==== DATA SHOWN
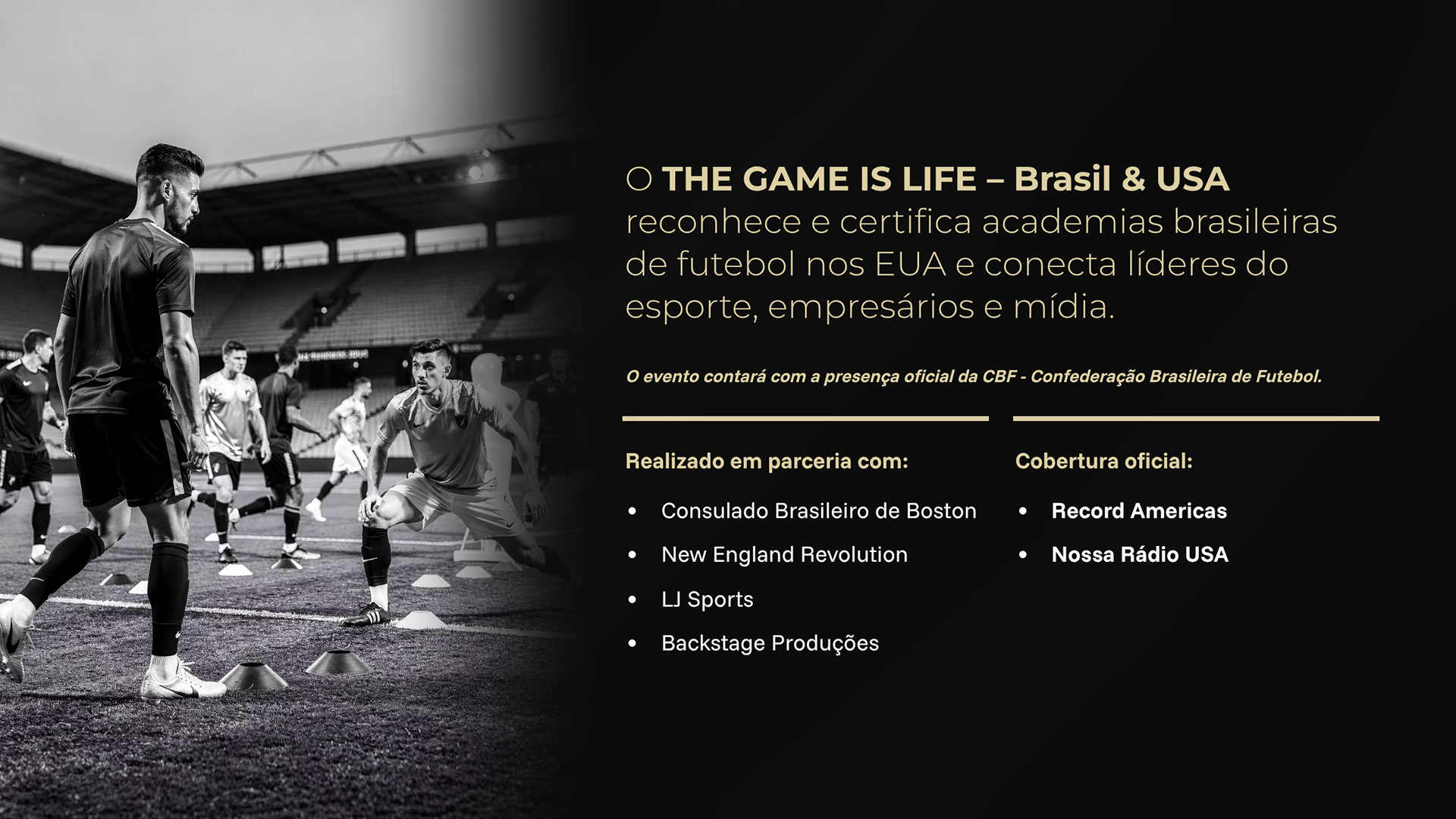 The Game is Life was created as a premium event bridging Brazil and the United States, combining sport, education, business and institutional presence into one unified experience. A premium event brand capable of: - Attracting high-level partners - Creating institutional credibility - Delivering a memorable experience - Positioning itself globally
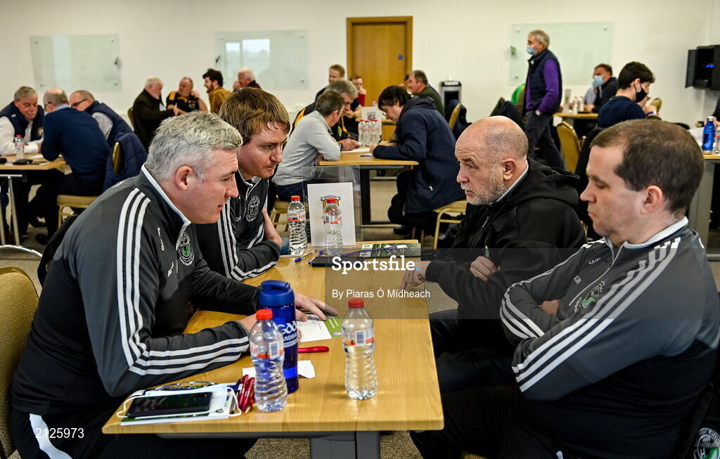 20 November 2021; The Tuar Mhic Éadaigh team, representing Mayo, of Michael Lang, Seán Kearns, Tim Foley and Michéal Coyne during Tráth na gCeist at the Scór Sinsir 2020 All-Ireland Finals at the Connacht GAA Air Dome in Bekan, Mayo. Photo by Piaras Ó Mídheach/Sportsfile
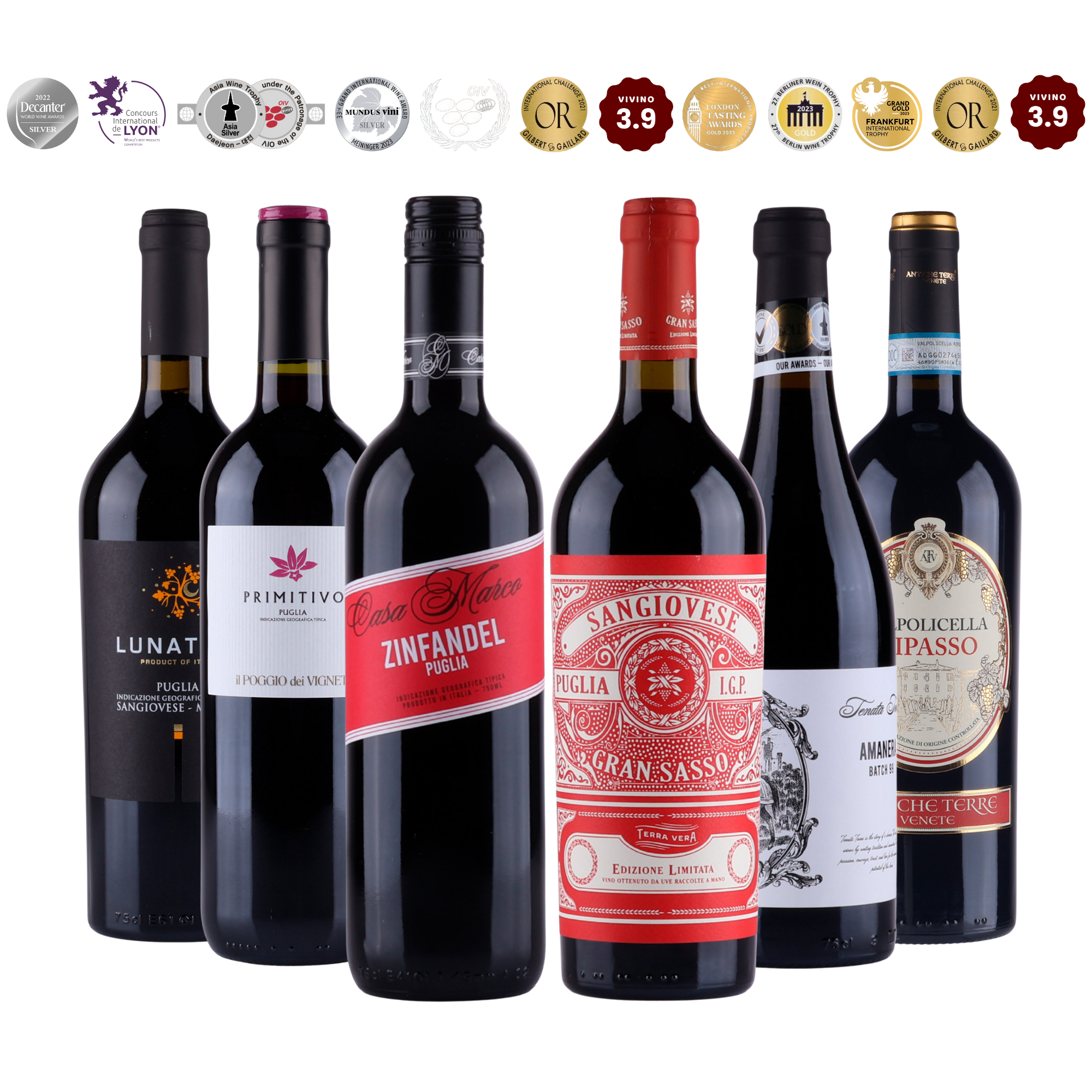 Upptäck Italiens bästa rödviner i en exklusiv samling från landets mest kända vinregioner. Här möts elegans, kraft och karaktär – från sammetslena Sangiovese och fruktig Zinfandel till fylliga appassimento-viner. Perfekt för dig som vill njuta av italiensk vintradition när den är som allra bäst – till middagar, festliga tillfällen eller bara för att unna dig själv något extra.
========
## PROBLEM DESCRIPTION
Retype the whole listing, keeping every line identical and omitting all pictures.

## ANSWER BOX
 The Game is Life was created as a premium event bridging Brazil and the United States, combining sport, education, business and institutional presence into one unified experience. A premium event brand capable of: - Attracting high-level partners - Creating institutional credibility - Delivering a memorable experience - Positioning itself globally
 20 November 2021; The Tuar Mhic Éadaigh team, representing Mayo, of Michael Lang, Seán Kearns, Tim Foley and Michéal Coyne during Tráth na gCeist at the Scór Sinsir 2020 All-Ireland Finals at the Connacht GAA Air Dome in Bekan, Mayo. Photo by Piaras Ó Mídheach/Sportsfile
 Upptäck Italiens bästa rödviner i en exklusiv samling från landets mest kända vinregioner. Här möts elegans, kraft och karaktär – från sammetslena Sangiovese och fruktig Zinfandel till fylliga appassimento-viner. Perfekt för dig som vill njuta av italiensk vintradition när den är som allra bäst – till middagar, festliga tillfällen eller bara för att unna dig själv något extra.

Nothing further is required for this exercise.